A armadilha das ideias feitas

A nossa democracia tem 48 anos de idade, mas continua a viver em casa dos pais e a ser um adulto em busca da emancipação, caindo assim frequentemente na armadilha das ideias feitas. 

Por Pedro Neves de Sousa, Advogado Associado Sénior na Cerejeira Namora, Marinho Falcão

Fugindo da teoria platónica, a conceptualização da ideia resulta de um processo de pensamento crítico e de uma recolha de informação que nos faz criar uma convicção. Contudo, na era digital, esse processo é acelerado e até desvirtuado pela infinita informação que nos invade no quotidiano e que contamina inevitavelmente o pensamento próprio e individual. O que só nos empobrece enquanto sociedade.

Ora, os perigos de uma democracia nascem a partir de ideias feitas ou preconcebidas que vão envenenando as virtudes de um regime que assenta em princípios da igualdade e de justo tratamento e num estado de Direito que respeite os direitos dos cidadãos e das instituições. 

Daí que a discussão acerca de questões relevantes para o nosso regime tenha de ir para além das conversas de café (nas quais grassam verdades insofismáveis), sob pena de nos rendermos e subjugarmos a discursos populistas e maniqueístas, num filme a preto e branco com os ‘bons’ e os ‘maus’, os ‘poderosos’ e os ‘descamisados’, os ‘ricos’ e os ‘pobres’, onde a ignorância generalizada é servida num banquete para gáudio de uns poucos opinion makers. 

Falando da justiça em particular, existem inúmeros exemplos de ideias feitas, acolhidas pela comunidade e já integradoras do círculo do senso comum, que são perversas, erradas e geradoras de convicções que empeçonham a perceção do cidadão, como seja a apreciação da nossa justiça penal com base em meia dúzia de processos que a comunicação social mediatiza, na qual um arguido na fase da investigação criminal surge a maioria das vezes já com uma condenação transitada em julgado. 

Ou aprisionar o nosso pensamento crítico até em conceitos que, só por si, aparentam representar algo negativo. O caso paradigmático do procedimento de ajuste direto na contratação pública, que é amiúde apelidado de ‘esquema’ aos olhos dos cidadãos, ignorando-se olimpicamente que as entidades adjudicantes devem obediência à lei e são frequentemente sujeitas a inspeções e auditorias.

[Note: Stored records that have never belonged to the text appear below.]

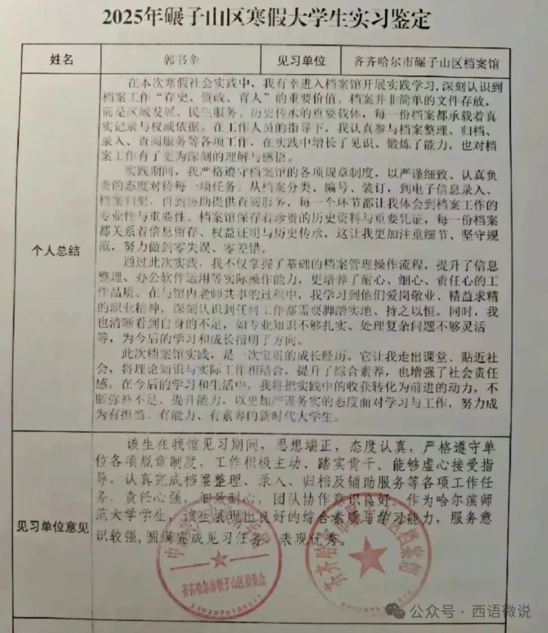 2026年1月19日至2026年2月27日,2025级英语师范专业6班郭书辛赴齐齐哈尔市碾子山区档案馆,并参与金长城历史博物馆相关工作。实习期间,她以严谨的态度完成档案整理、归档、录入等各项任务,确保每一份档案资料准确无误、规范入藏。在实践中,她不仅练就了扎实的业务功底,培养了细致入微的工作作风,更深刻体悟到档案工作“存史、资政、育人”的使命内涵,以实际行动践行新时代青年的文化传播使命与担当。
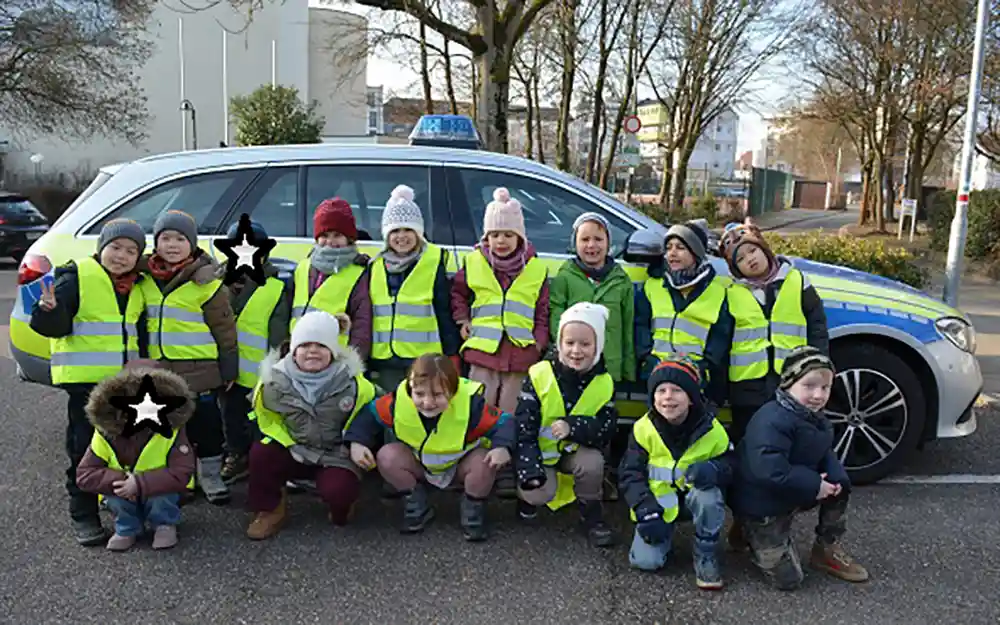 Im Januar kam die Verkehrspolizei zu uns in den Kindergarten. Gemeinsam mit den Kindern sprachen die Polizisten über die Aufgaben der Polizei und sie erklärten den Kindern, wie man sich richtig im Straßenverkehr verhält. Draußen übten wir, wie man sicher über die Straße geht. Dabei lernten die Kinder, zuerst nach links, rechts, links zu schauen, bevor sie losgehen. Außerdem durften die Kinder das Polizeiauto erkunden und sich alles genau anschauen. Das war für alle sehr spannend und aufregend. Zum Ausklang schauten wir uns einen Kinderfilm über die Verkehrsregeln an. Jedes Kind freute sich über die Spende einer Warnweste und eines Verkehrshefts und bedankte sich bei den Polizisten.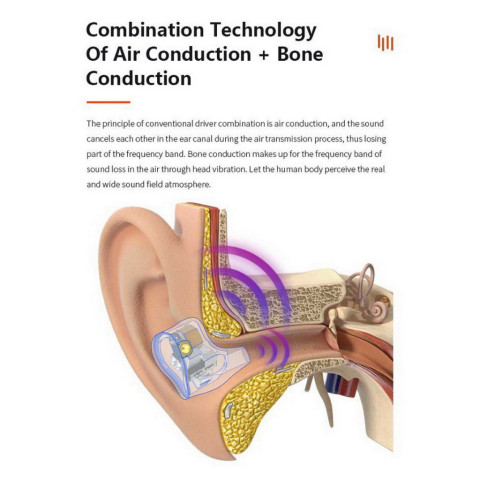 เทคโนโลยี Air Conduction + Bone Conduction ถูกนำมารวมเข้าด้วยกันเพื่อชดเชยความถี่เสียงที่สูญเสียไปขณะเดินทางผ่านอากาศ โดยใช้การสั่นสะเทือนผ่านกระโหลกศีรษะให้ร่างกายรับรู้สนามเสียงที่แท้จริงได้ครบถ้วนมากขึ้น ให้เวทีเสียงกว้าง มีมิติ ทั้งด้านซ้าย-ขวา และด้านลึก ถ่ายทอดบรรยากาศการแสดงสดได้อย่างสมจริง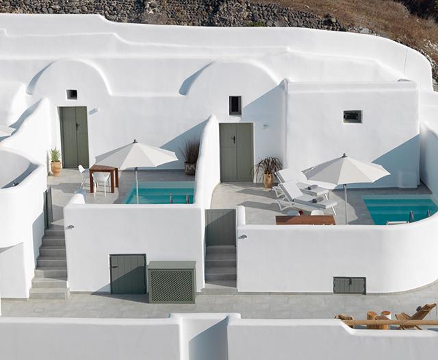 Wanneer we aankomen snap ik waarom George zo trots is. De prachtige witte huisjes liggen, zoals de naam al doet vermoeden, in een grot. De vier appartementen hebben allemaal een eigen terras met een aantrekkelijk privézwembad. Er heerst een kalmte in en rond de huisjes, waardoor ik me gelijk ontspannen voel. Ook de inrichting is prachtig. Ze zijn luxe en minimalistisch ingericht, met veel oog voor kleine details. Gelukkig mag ik van George zo lang blijven als ik wil.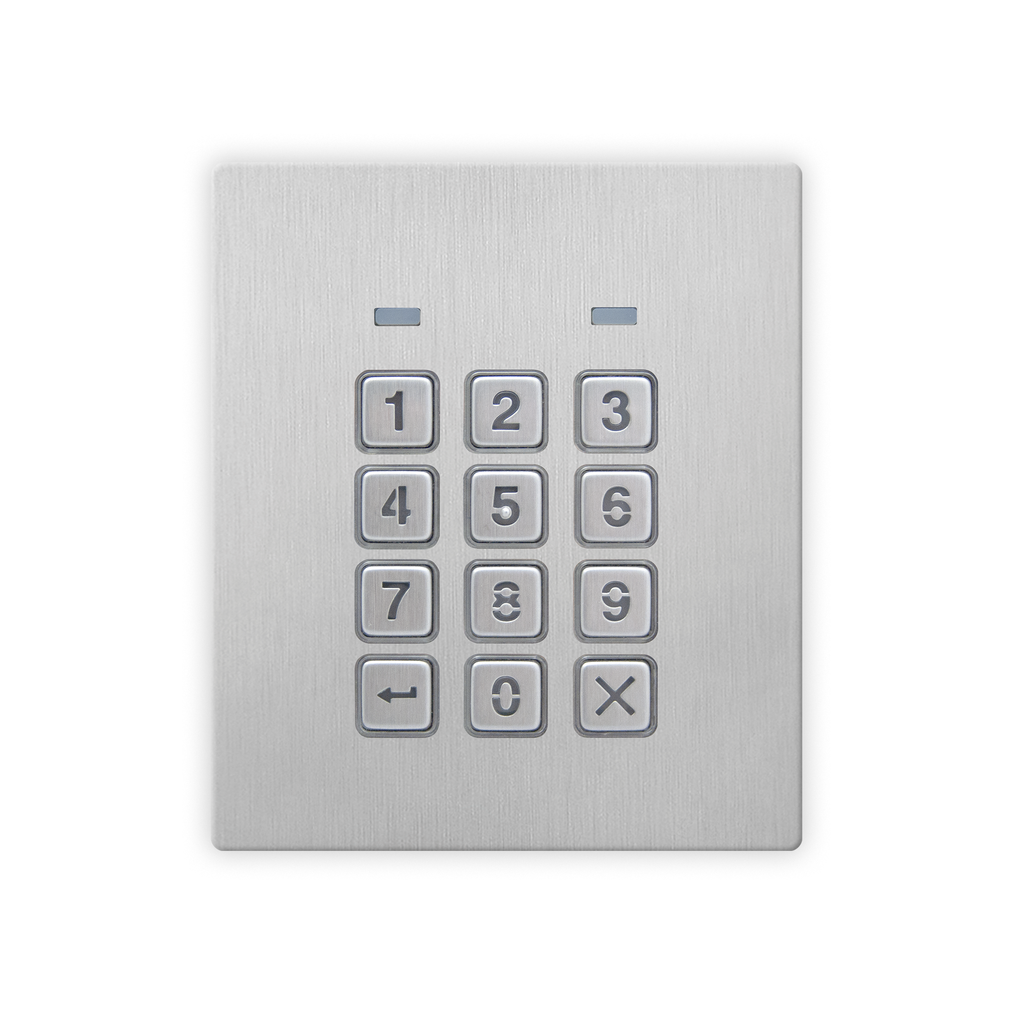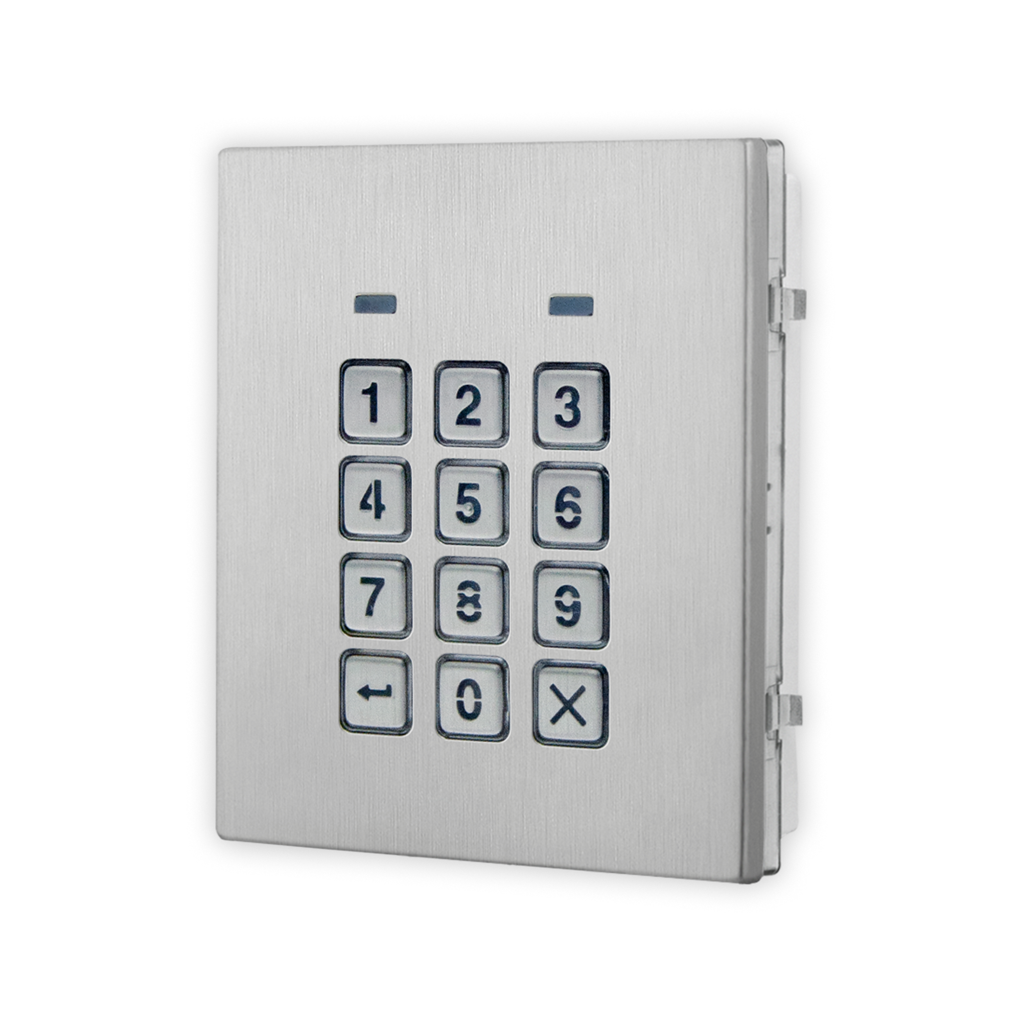 Stand-alone access control module. Backlighting of the 12 buttons with blue LEDs, 2 LEDs for status/operation alerts. 3 relays with contacts C, NC, NO (24V AC/DC - 2A) programmable for temporary activation (01 ... 99 seconds) or for switching operation. Configuration of 3 codes that can be combined with each relay. 2 PTE inputs (active/low) to directly control relays 1 and 2. Acoustic and visual alerts during operation. Vandal resistant plate with IK07 and IP65 protection rating. Operating temperature -20°/+60 °C. Power supply 12/24V AC/DC. Keyboard programming. Dimensions: 103x120x43 mm. Encumbrance 1 module.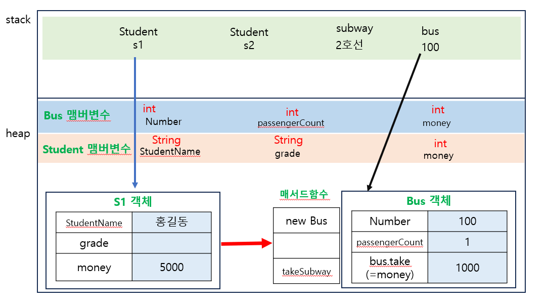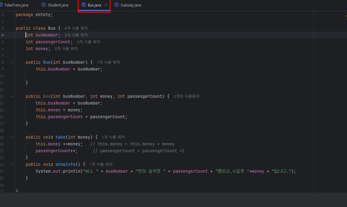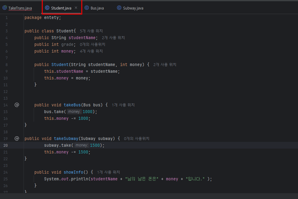 package entety; public class Student{ public String studentName; public int grade; public int money; public Student(String studentName, int money) { this.studentName = studentName; this.money = money; } public void takeBus(Bus bus) { // Bus bus = Bus bus100 '100' 이 생략되어 있습니다. bus.take(1000); // 버스 요금 this.money -= 1000; } public void takeSubway(Subway subway) { subway.take(1500); // 지하철 요금 this.money -= 1500; } public void showInfo() { System.out.println(studentName + "님의 남은 돈은" + money + "입니다." ); } } |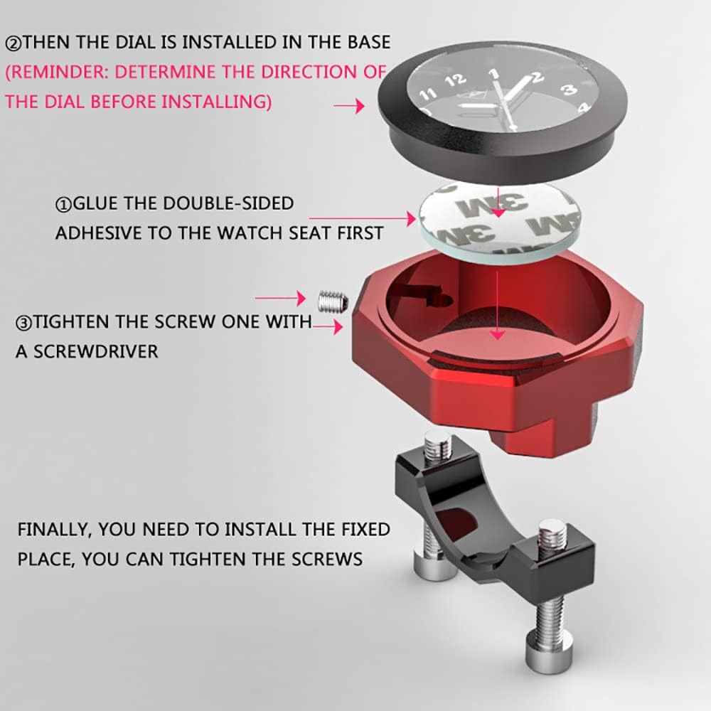 - 【Einfach zu installieren】 --- Ausgestattet mit einem Installationsschlüssel und Klebeband ist es einfach und schnell, die Uhr an Ihrem Motorradlenker zu installieren.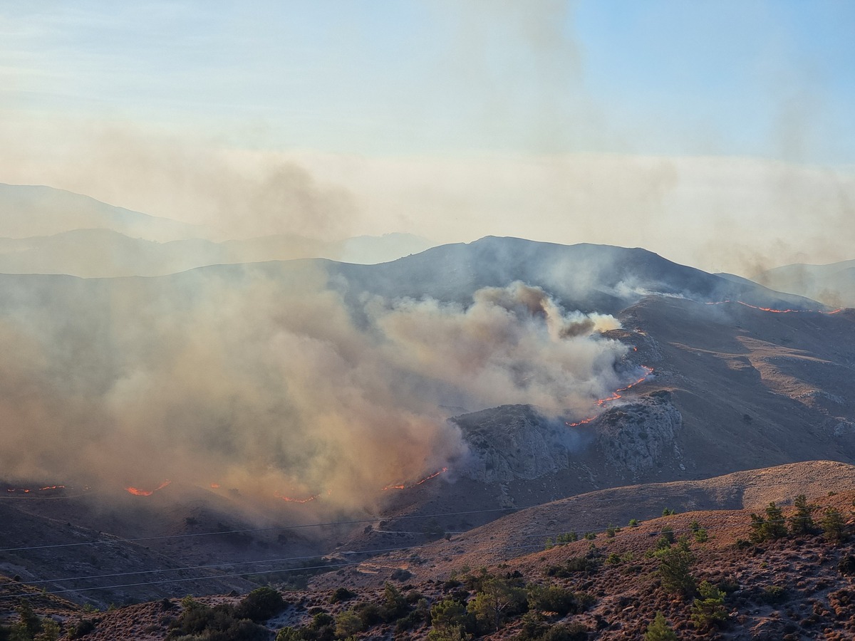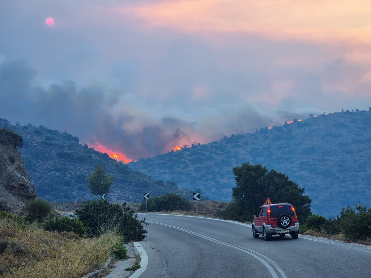 Το μέτωπο ξεπερνά τα 15 με 18 χιλιόμετρα και εκτείνεται από το Κερί, περνά από τον Αγαλά, περνάει πάνω από τη Λιθακιά και φτάνει μέχρι τον Παντοκράτορα. Επιχειρούν και πάλι ένα ελικόπτερο. Η κατάσταση είναι πραγματικά πάρα πολύ δύσκολη.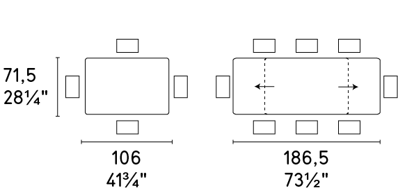 Die Tischplatte und 2 Schubladenerweiterungen an den Seiten passen sich automatisch an und bestehen aus geschmittertem Glas. Die Basisstruktur aus elliptischer Rohrmetall passt zur Tischplatte. Multifunktional und leicht zu transformieren, dieses eine Tisch Dakota wird sich sofort an jede Umgebung anpassen und dem modernen Lebensstil entspricht.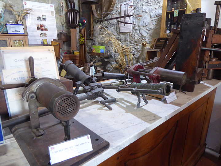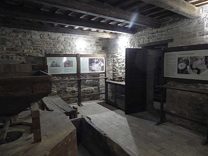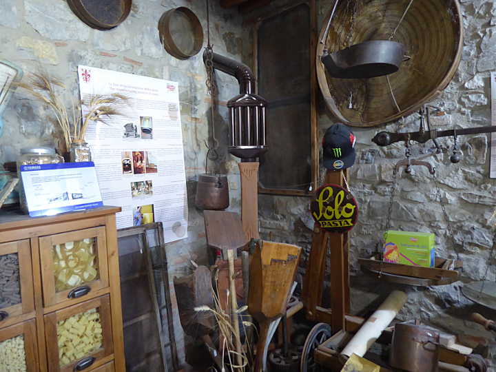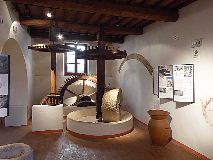 Der Name Museo del Pane ist ehrlich gesagt maßlos übertrieben, denn eigentlich handelt es sich bei dem 2006 eröffneten “Museum” um eine bis in die 80er Jahre des 20. Jh. kommerziell betriebene Wassermühle, deren Geschichte allerdings bis ins 16. Jh. reicht. Die Mühle ist noch funktionsfähig und wird für Besucher auch angestellt. Dies ist sicherlich eindrucksvoll, doch wer etwas über Brot erfahren möchte, wird enttäuscht sein: Der einzige Bezug zum Thema Brot ergibt sich durch einen ausgestellten Apparat, mittels dessen früher das Korn vor dem Mahlen gewaschen wurde. Die Bezeichung Museo del Pane ist leider ein typisches Beispiel für Hochstapelei im Kampf um Marktanteile beim Food-Tourismus …

Mas outro caso que tem dado que falar (e escrever) relaciona-se com a arbitragem, nomeadamente com a arbitragem administrativa e fiscal, isto é, sempre que uma das partes é uma entidade pública e existem milhões de euros envolvidos.

Os meios alternativos de resolução de litígios, onde encontramos, por exemplo, a arbitragem e a mediação, surgiram para combater as manifestas insuficiências dos tribunais estaduais. Se um cidadão ou uma empresa tem uma determinada questão para dirimir com a Autoridade Tributária pode dirigir-se aos tribunais tributários ou a um tribunal arbitral (se essa questão for legalmente subsumível ao centro de arbitragem competente). E irá certamente encontrar duas diferenças marcantes: a justiça arbitral é mais cara, mas substancialmente mais célere; a justiça estadual fiscal é mais barata, mas substancialmente mais lenta. Concretizando: por vezes, trata-se de obter uma decisão judicial de 1.ª instância em 6 meses ou em 6 anos. E essa diferença temporal é muito relevante para os cidadãos e para as empresas e, em última análise e numa visão macro, para a própria economia portuguesa.

É evidente que almas mais puristas crucificam a justiça arbitral, porquanto a mesma não é resultado de uma decisão proferida por um magistrado de carreira, mas antes por juristas de reconhecido mérito naquela área de Direito. Podem até ser construídas ideias relativas à imparcialidade ou à falta dela, mas a verdade é que a justiça arbitral está inscrita na Constituição e nas leis da República.  

Mas caso se entenda que tal modelo não é profícuo para a justiça portuguesa (há países que não admitem a arbitragem administrativa e fiscal) ou que compromete a sua seriedade ou solenidade, então altere-se a lei e a Constituição, ao invés de destratar uma justiça arbitral, diabolizando uma alternativa legítima a que os cidadãos e as empresas podem recorrer para que se faça justiça de forma mais célere.

A nossa democracia tem 48 anos de idade, mas continua a viver em casa dos pais e a ser um adulto em busca da emancipação, caindo assim frequentemente na armadilha das ideias feitas.